March broke gold’s momentum. Prices plunged 12% to $4,608 per ounce—marking the sharpest monthly fall since 2013—dragged down by a wave of selling that cut across markets, investors, and geographies.
What looked like a correction quickly turned into a cascade.
At the heart of it was momentum unwinding. Global gold ETFs saw a staggering $12 billion exit—the largest monthly outflow on record.
Positions that had built up over months were dismantled in weeks. Retail exposure thinned. Institutional money followed. And once the slide began, it fed on itself.
A key trigger came mid-March.
Gold slipped below its 50–55-day moving average for the first time in seven months. That breach acted like a switch.
Commodity Trading Advisors (CTAs), heavily long until then, began cutting positions aggressively. The unwind accelerated the fall, turning a dip into a rout.
But this wasn’t just about technicals.
The pressure was systemic. Rising US bond yields—sparked by near-term inflation shocks—pushed opportunity costs higher.
Suddenly, holding gold looked less attractive. At the same time, the US dollar strengthened, compounding the sell-off. Investors who had treated gold as a winning trade began liquidating positions to free up cash.
03 Apr 2026 - Vol 04 | Issue 65
The War on Energy Security
Liquidity needs took over strategy.
Across asset classes, deleveraging kicked in. Equity markets saw selling. Bond markets reacted. And gold—despite its safe-haven tag—was not spared.
Multi-asset investors cut exposure wherever they could, and gold became part of that equation.
Even central banks entered the narrative.
A move by Turkey’s central bank to deploy around 50 tonnes of gold as collateral added to market anxiety, fuelling speculation of potential selling.
While the move was liquidity-driven, not strategic, it added another layer of pressure in an already fragile market.
And yet, zoom out—and the picture shifts. Because while the West was selling, the East was buying.
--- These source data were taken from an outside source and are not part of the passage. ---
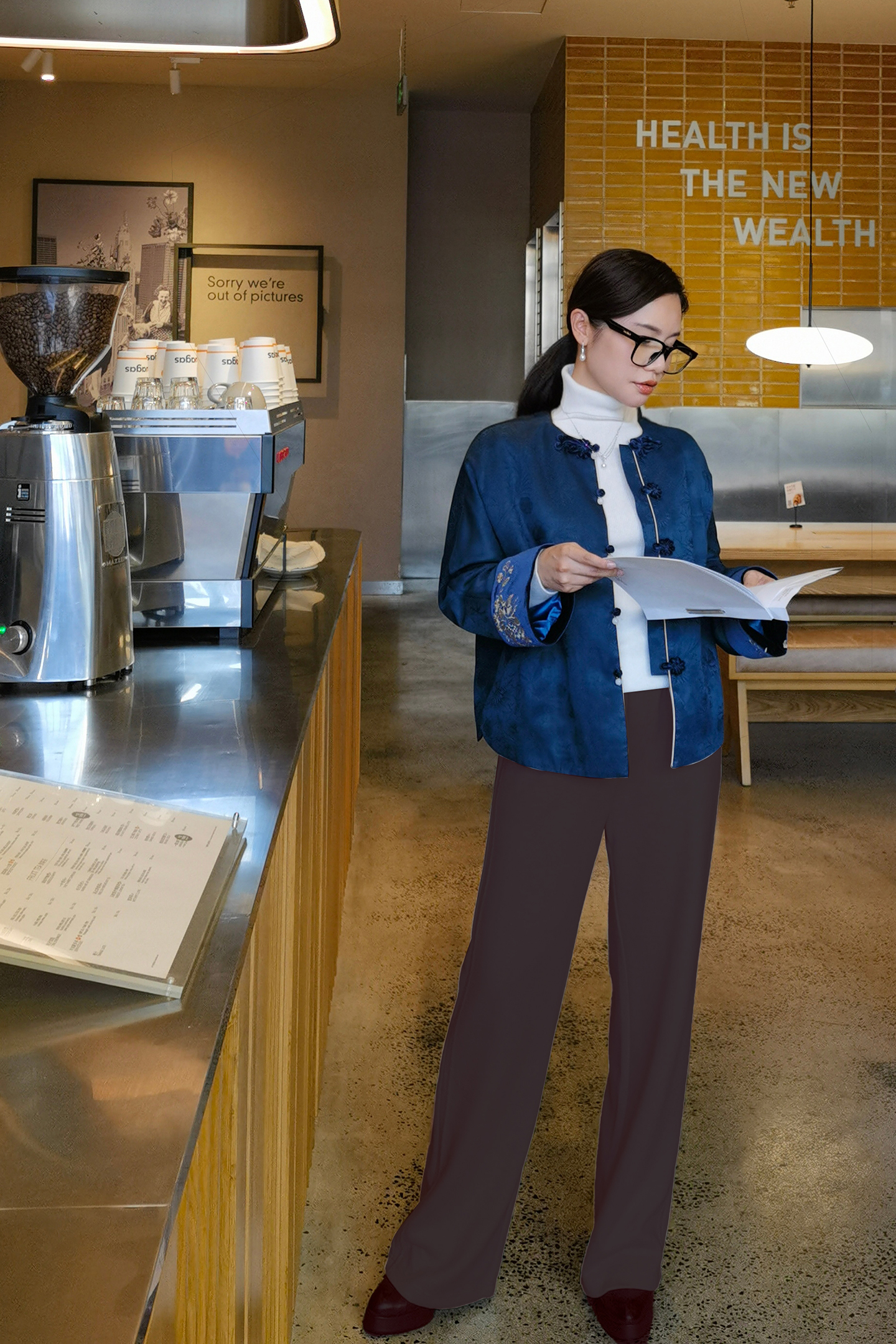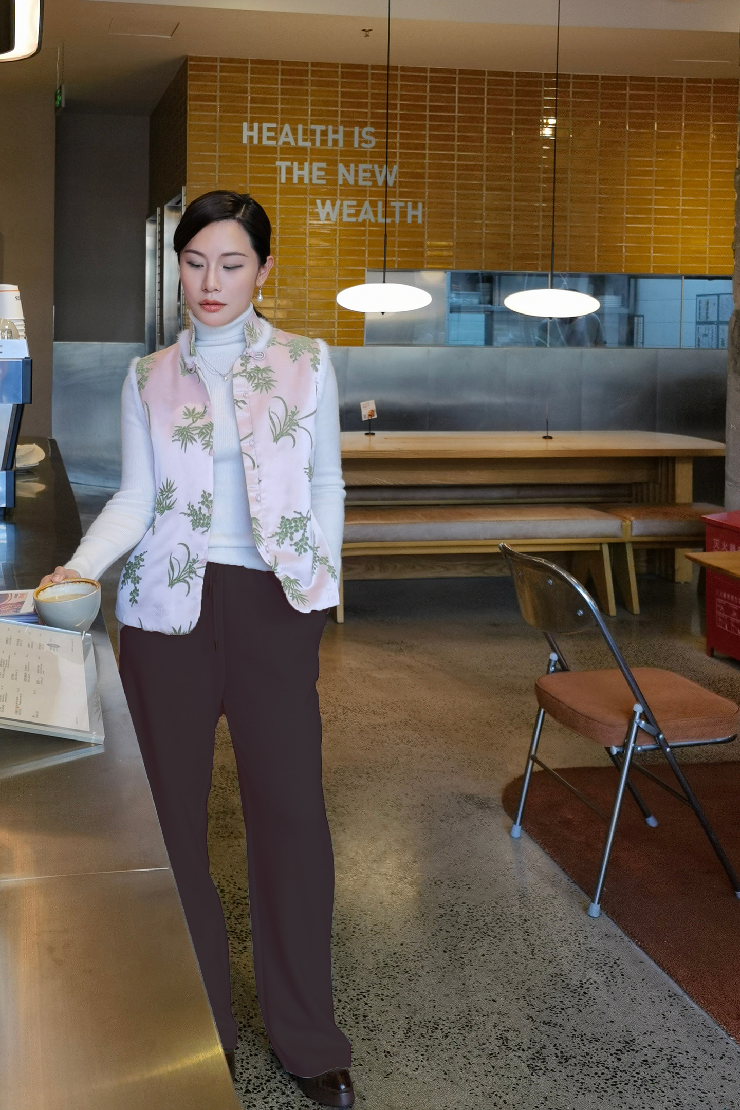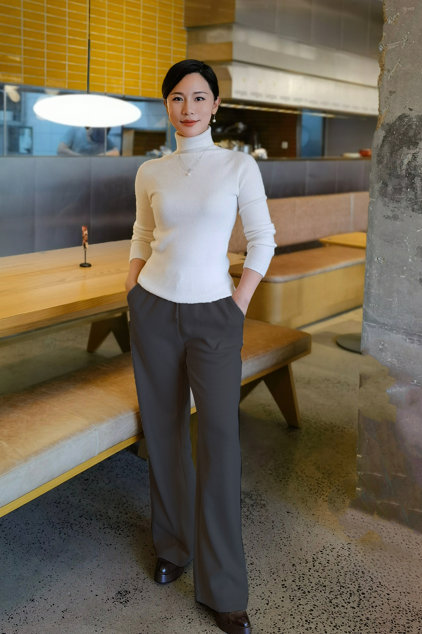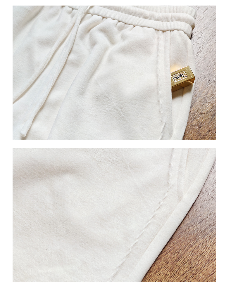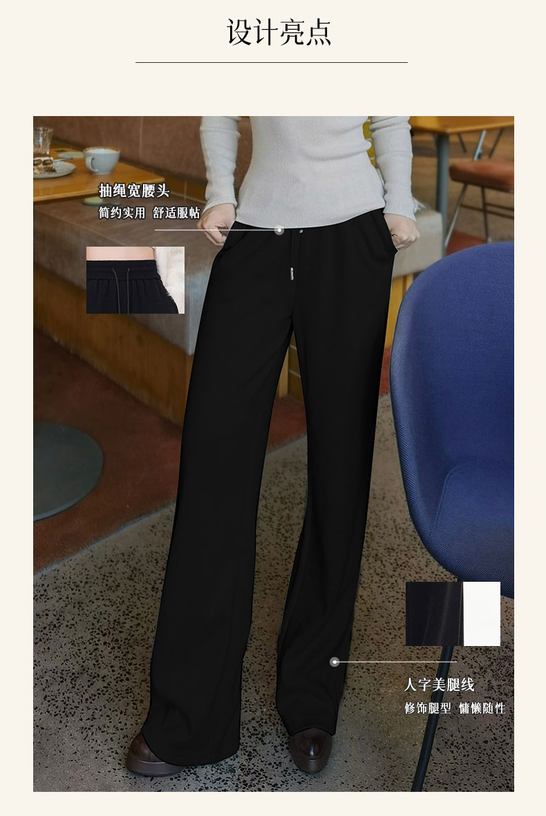 3.整体设计:人字美腿线,版型宽松阔脚,从视觉上拉长腿部,定制面料超保暖,版型显瘦显高,慵懒随性。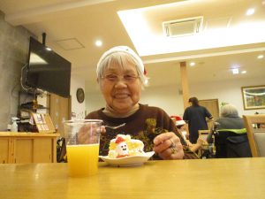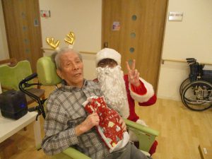 職員がサンタさんになり、入居者のみなさんにプレゼントを配って回りました!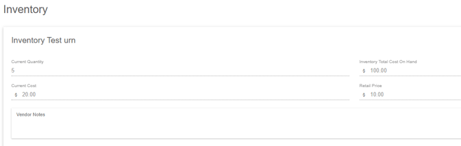 On the manage page for the item, you will see various pieces of information such as the quantity, cost, retail price and total inventory cost.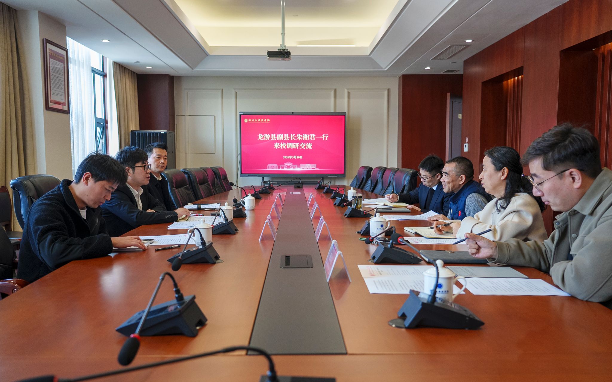 3月10日,衢州市龙游县委常委、副县长朱湘君一行来校开展结对帮扶调研座谈。校党委副书记严齐斌出席并主持会议。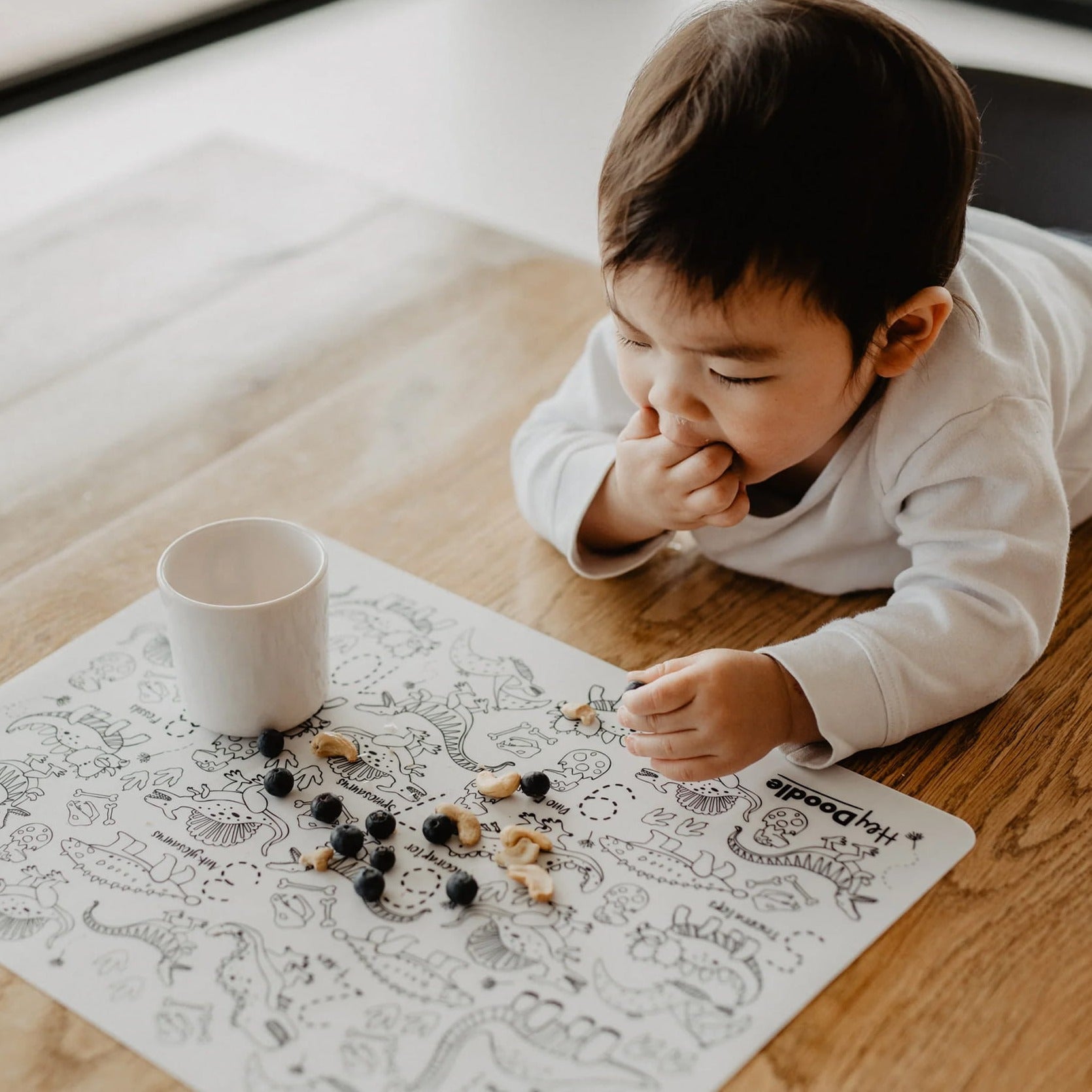 HeyDoodle-silikonemåtten kan også bruges som madmåtte, hvilket gør den til et alsidigt tilbehør til hjemmet og rejser.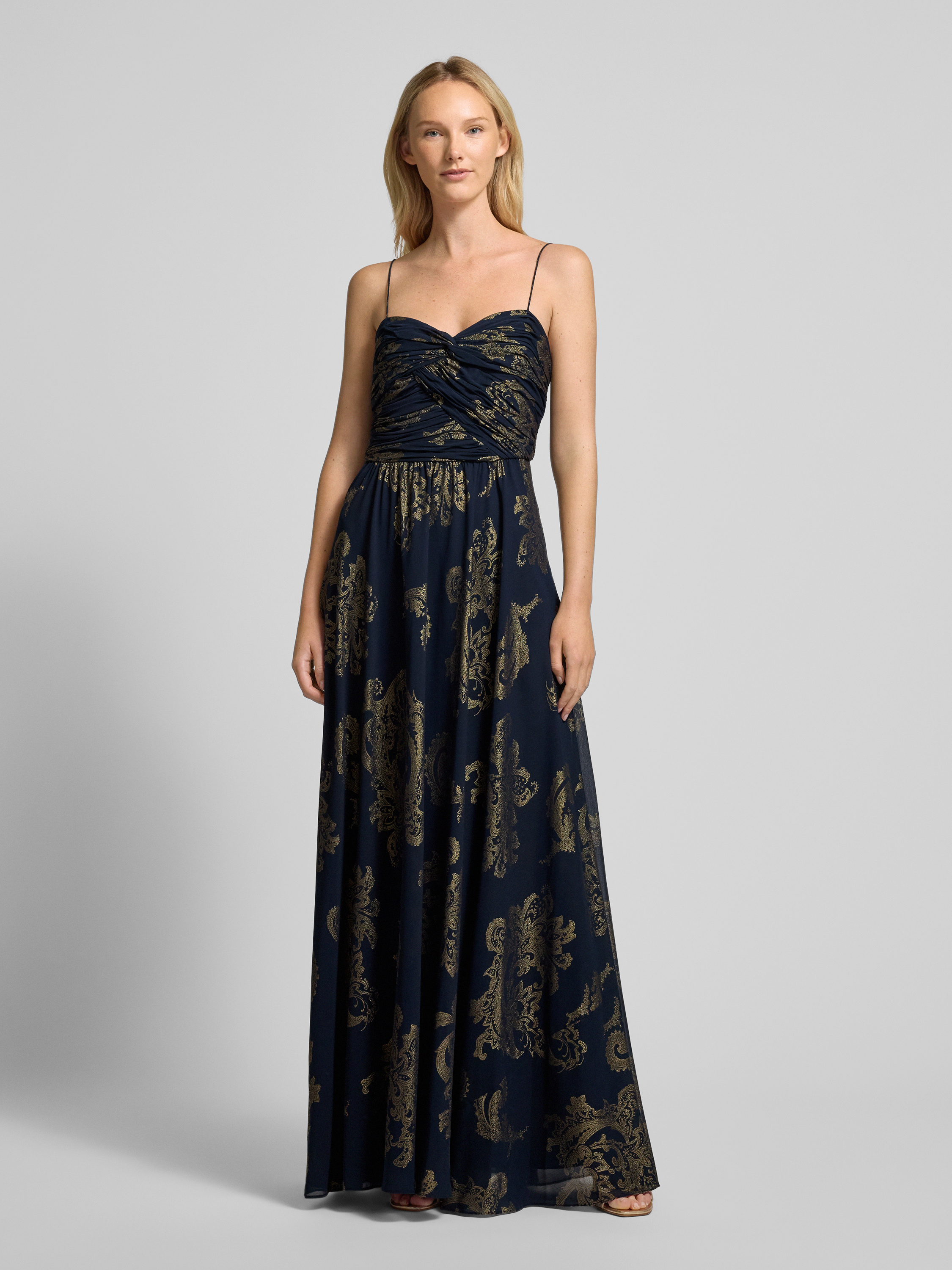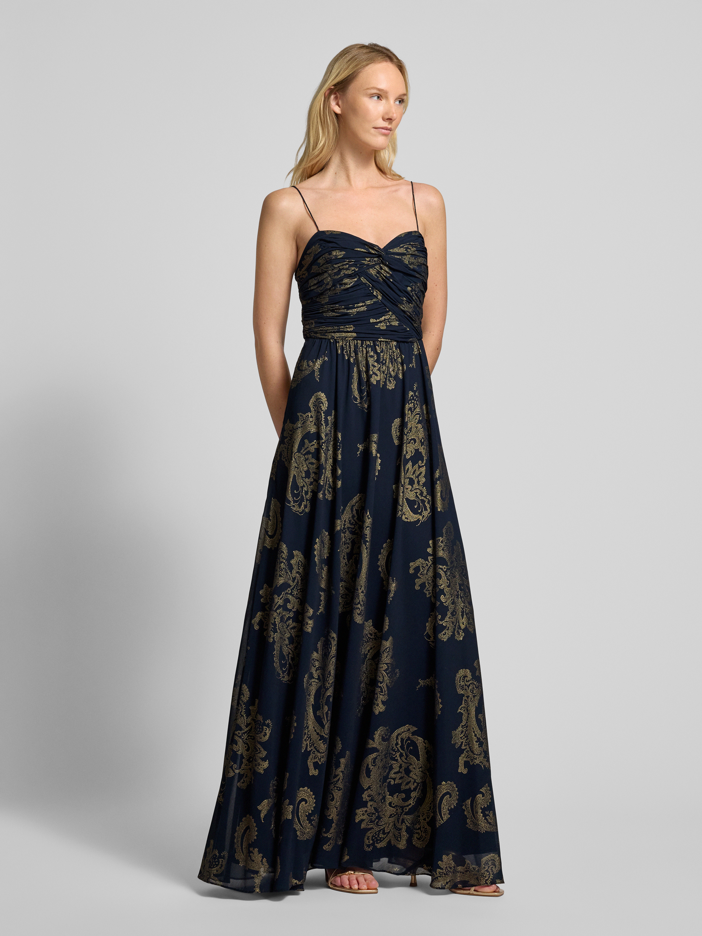 Sukienka wieczorowa z dekoltem w kształcie serca model ‘JACINDRA’ - ciemnoniebieski

Asian markets moved in the opposite direction, absorbing the shock. ETFs in the region posted their strongest quarterly inflows on record—USD 14 billion in Q1.
March alone saw USD 2 billion in inflows, extending a seven-month streak of consistent buying.
China led the charge.
Falling local equities and a weakening currency pushed investors toward gold as a safety net. India followed, contributing $177 million in March and taking its quarterly total to $3 billion.
A classic dip-buying response—one that cushioned global flows even as North America recorded $13 billion in outflows, ending a nine-month inflow streak.
Europe, meanwhile, remained subdued, with modest outflows reflecting sensitivity to price swings and rising yields.
The divergence is telling.
In developed markets, gold became a source of liquidity. In emerging markets, it remained a store of trust.
Despite the March shock, the broader trend hasn’t fully broken. Global gold ETFs still recorded their seventh consecutive quarter of net inflows, with total assets under management at $606 billion.
Liquidity, too, stayed strong. Daily trading volumes rose 11% month-on-month to USD 525 billion. Over-the-counter activity surged even higher, indicating that participation remained deep even during the sell-off.
Now the question shifts. Was March a reset—or a warning?
Early April offers some clues. ETF flows have begun turning positive again. The dollar is struggling to sustain gains. And underlying demand signals—especially from Asia—remain intact.
But risks linger. Oil price volatility, cross-asset deleveraging, and rate expectations could continue to test gold’s resilience.
Still, the core narrative hasn’t disappeared. Gold didn’t lose relevance in March. It lost momentum. And as the dust settles, one thing is clear: the centre of gravity in the gold market is shifting—quietly, steadily—eastward.